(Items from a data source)

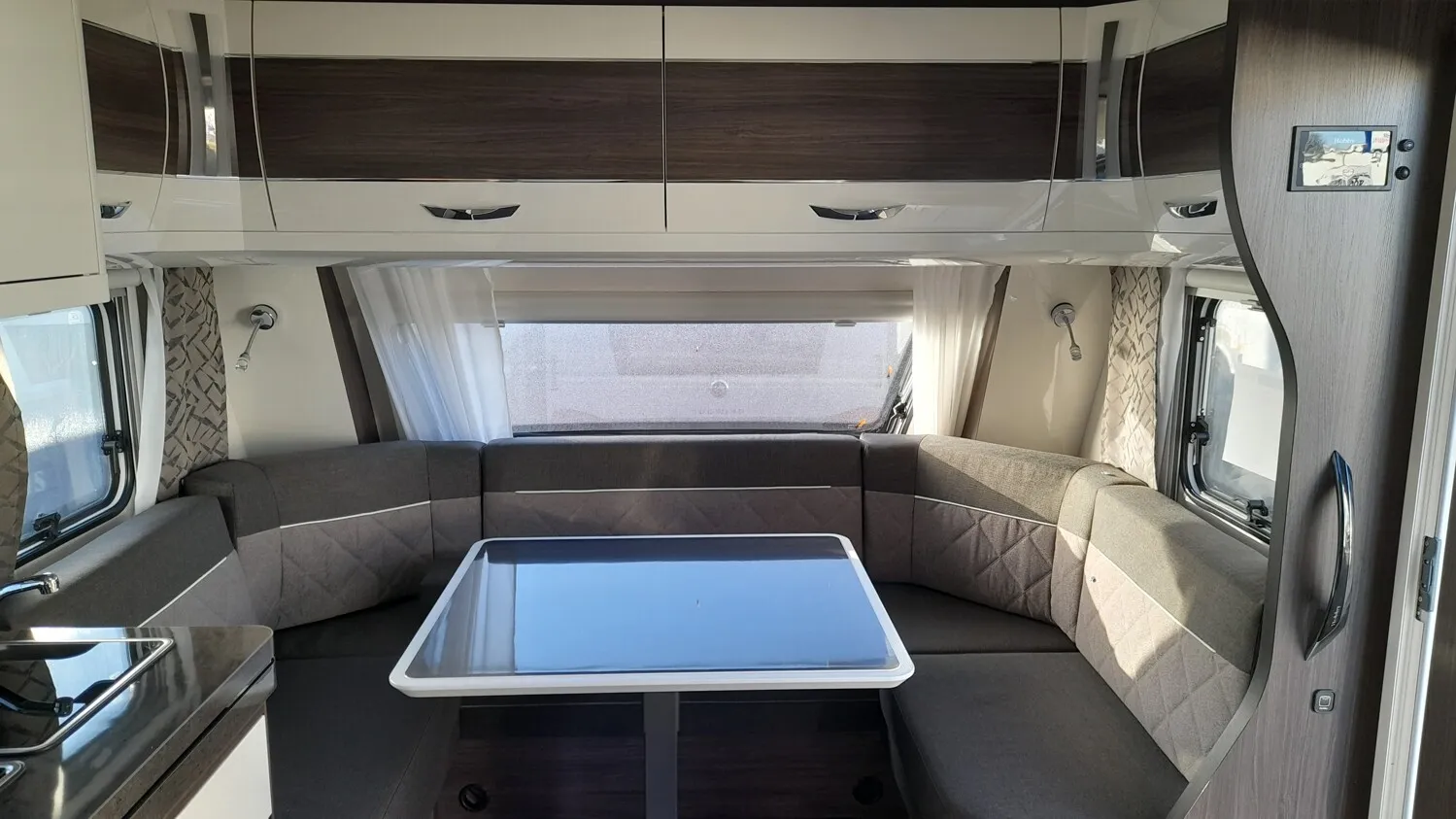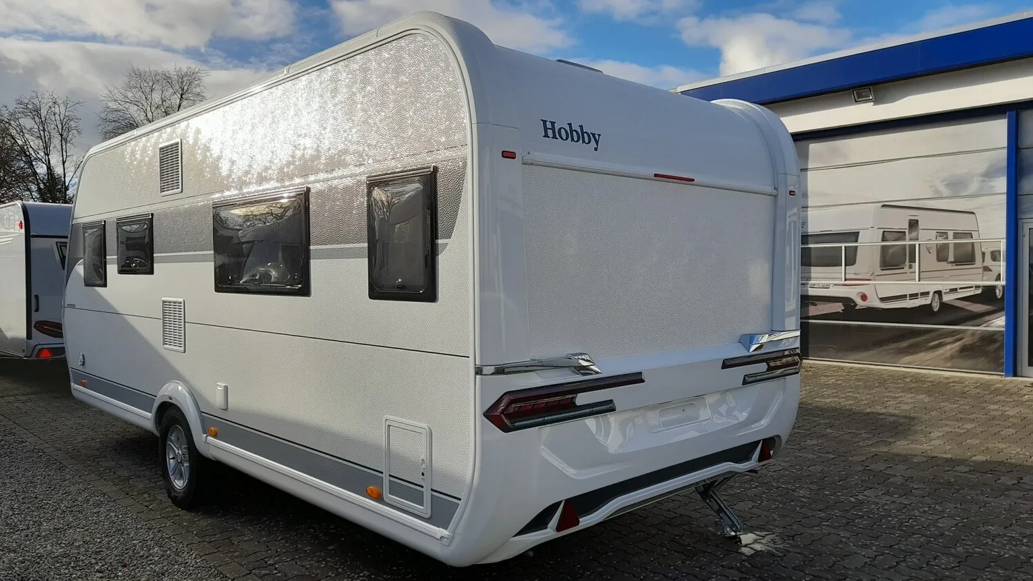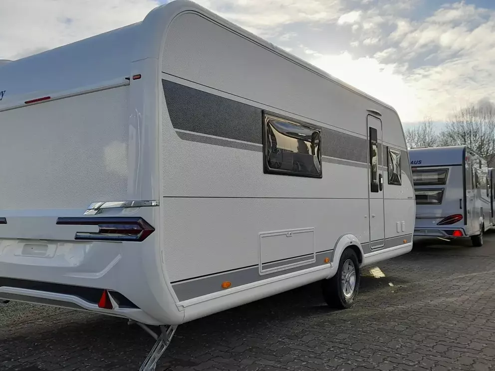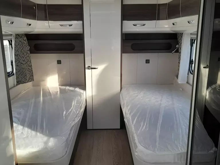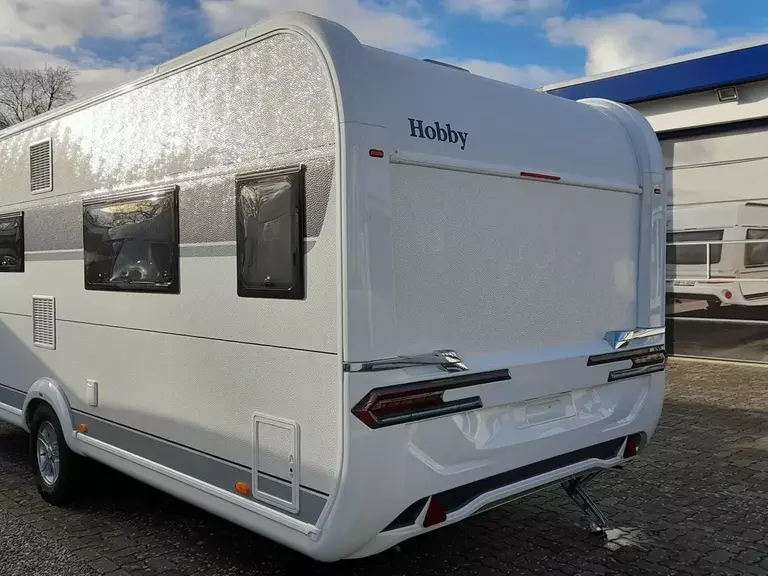 Hobby Prestige 560 WLU, Modell 2025, mit Einzelbetten Heckbad über die gesamten Fahrzeugbreite mit separter Dusche, Rundsitgruppe im Bug.
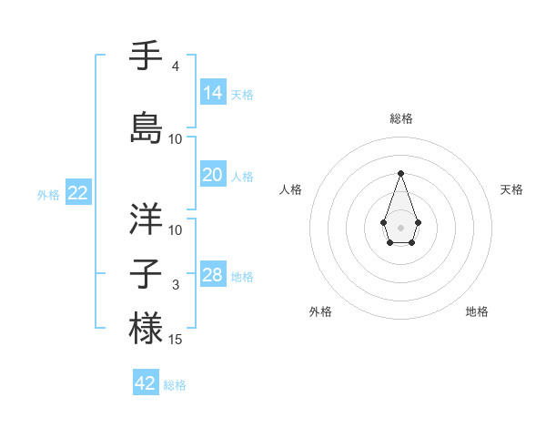 手島 洋子様さんを姓名の画数から五運を鑑定
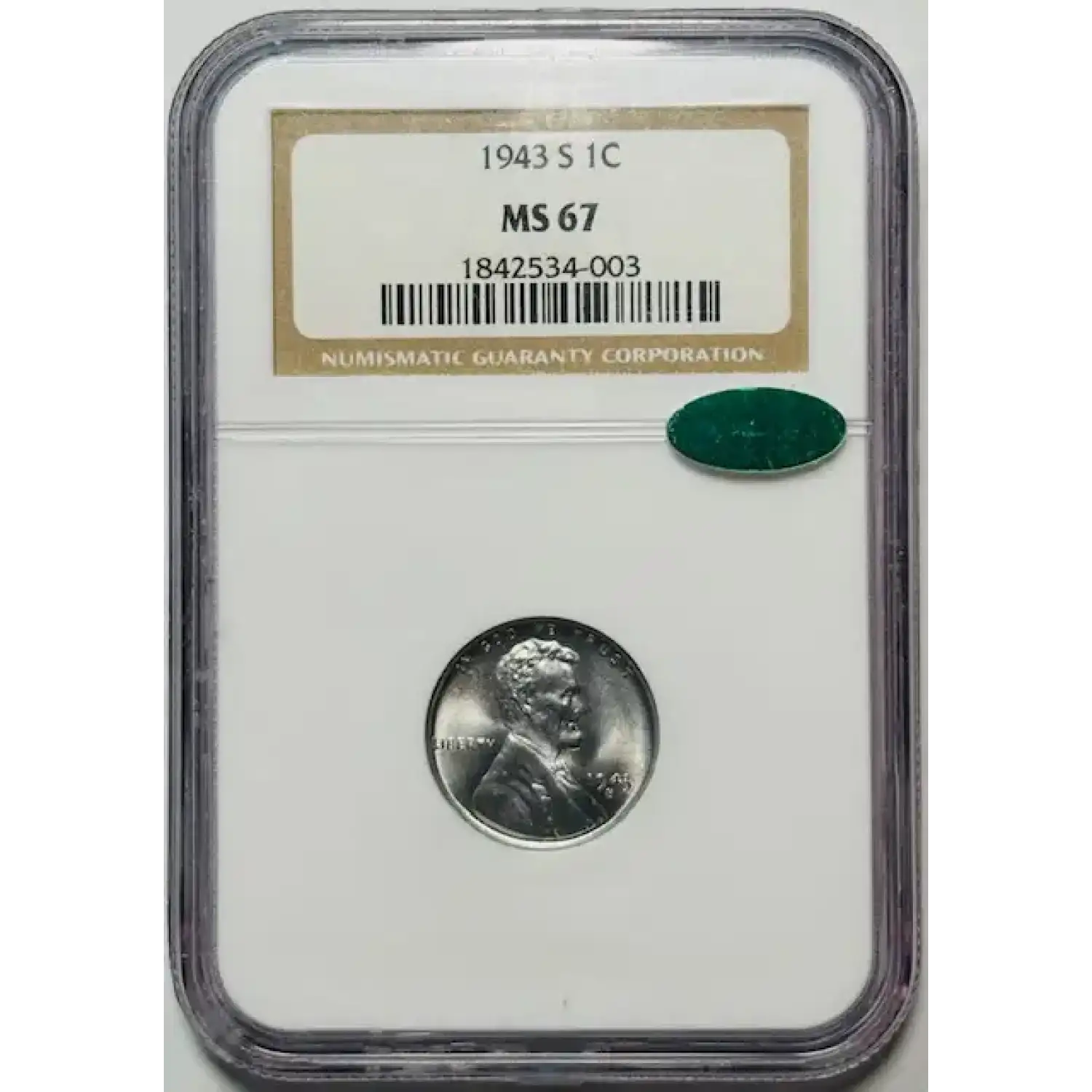 1943-S Small Cents Lincoln, Wheat Ears Reverse NGC MS-67 CAC
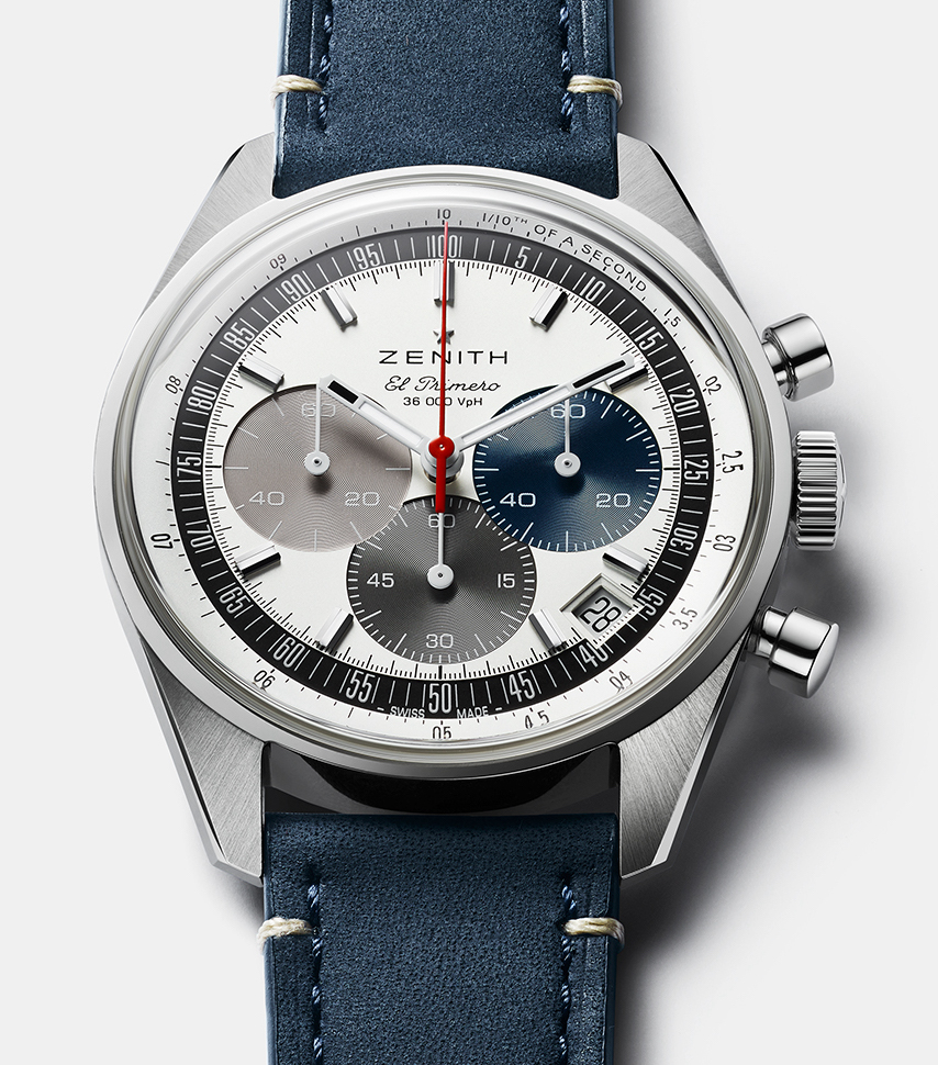 Quel cronografo con triplo calendario è ritornato adesso nel Chronomaster Original con una cassa da 38 mm che richiama lo storico A386; le funzioni del calendario completo e delle fasi lunari si uniscono alla precisione al 1/10 di secondo del calibro El Primero 3610 (36.000 A/h, riserva di carica 60 h).
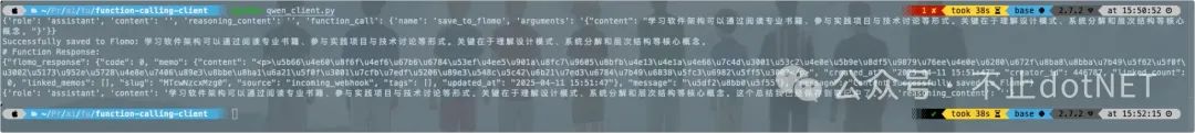 5、接着调用本地 ollama 运行的大模型来实现跟大模型对话,然后将对话结果保存到 flomo 。Client 端的 Program 完整代码如下:
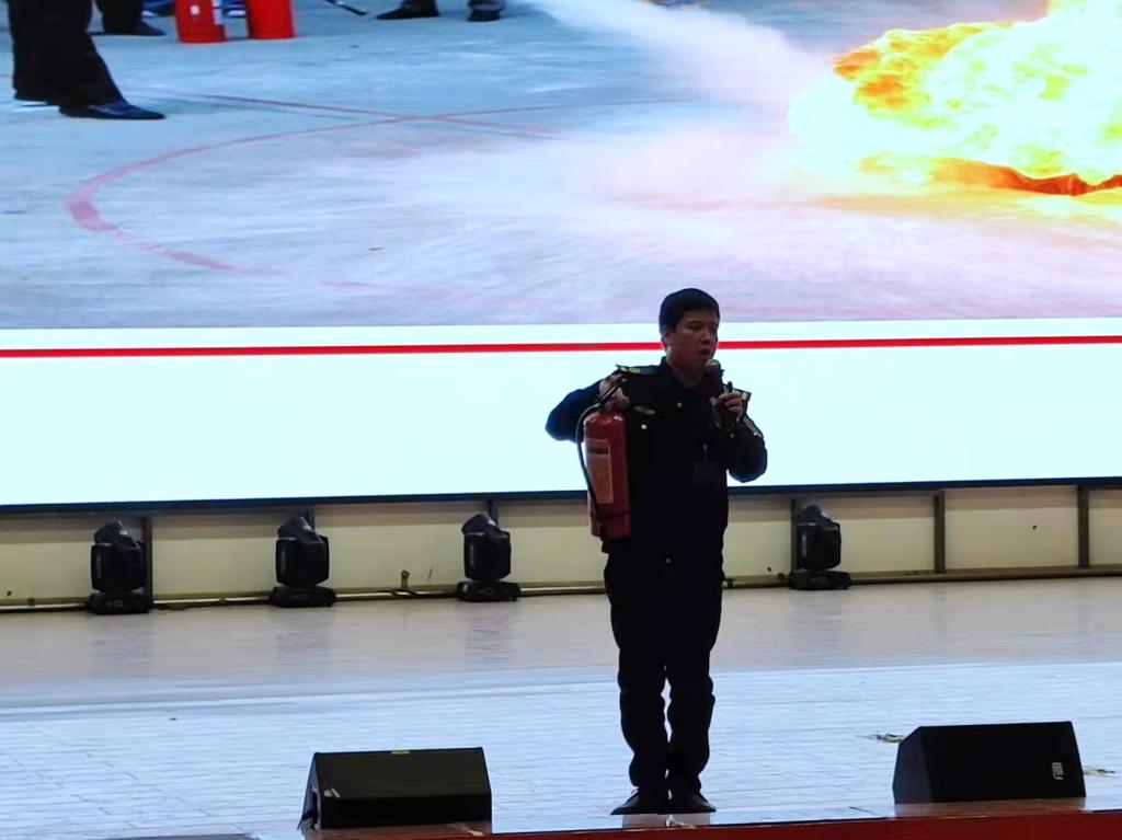 在消防器材培训环节,消防宣传员现场讲授如何开展自查自纠消除火灾隐患,并演示灭火器的使用方法。

## Task goal
A word-for-word copy of the records above is needed, pictures excluded.

## Result below
 Hobby Prestige 560 WLU, Modell 2025, mit Einzelbetten Heckbad über die gesamten Fahrzeugbreite mit separter Dusche, Rundsitgruppe im Bug.
 手島 洋子様さんを姓名の画数から五運を鑑定
 1943-S Small Cents Lincoln, Wheat Ears Reverse NGC MS-67 CAC
 Quel cronografo con triplo calendario è ritornato adesso nel Chronomaster Original con una cassa da 38 mm che richiama lo storico A386; le funzioni del calendario completo e delle fasi lunari si uniscono alla precisione al 1/10 di secondo del calibro El Primero 3610 (36.000 A/h, riserva di carica 60 h).
 5、接着调用本地 ollama 运行的大模型来实现跟大模型对话,然后将对话结果保存到 flomo 。Client 端的 Program 完整代码如下:
 在消防器材培训环节,消防宣传员现场讲授如何开展自查自纠消除火灾隐患,并演示灭火器的使用方法。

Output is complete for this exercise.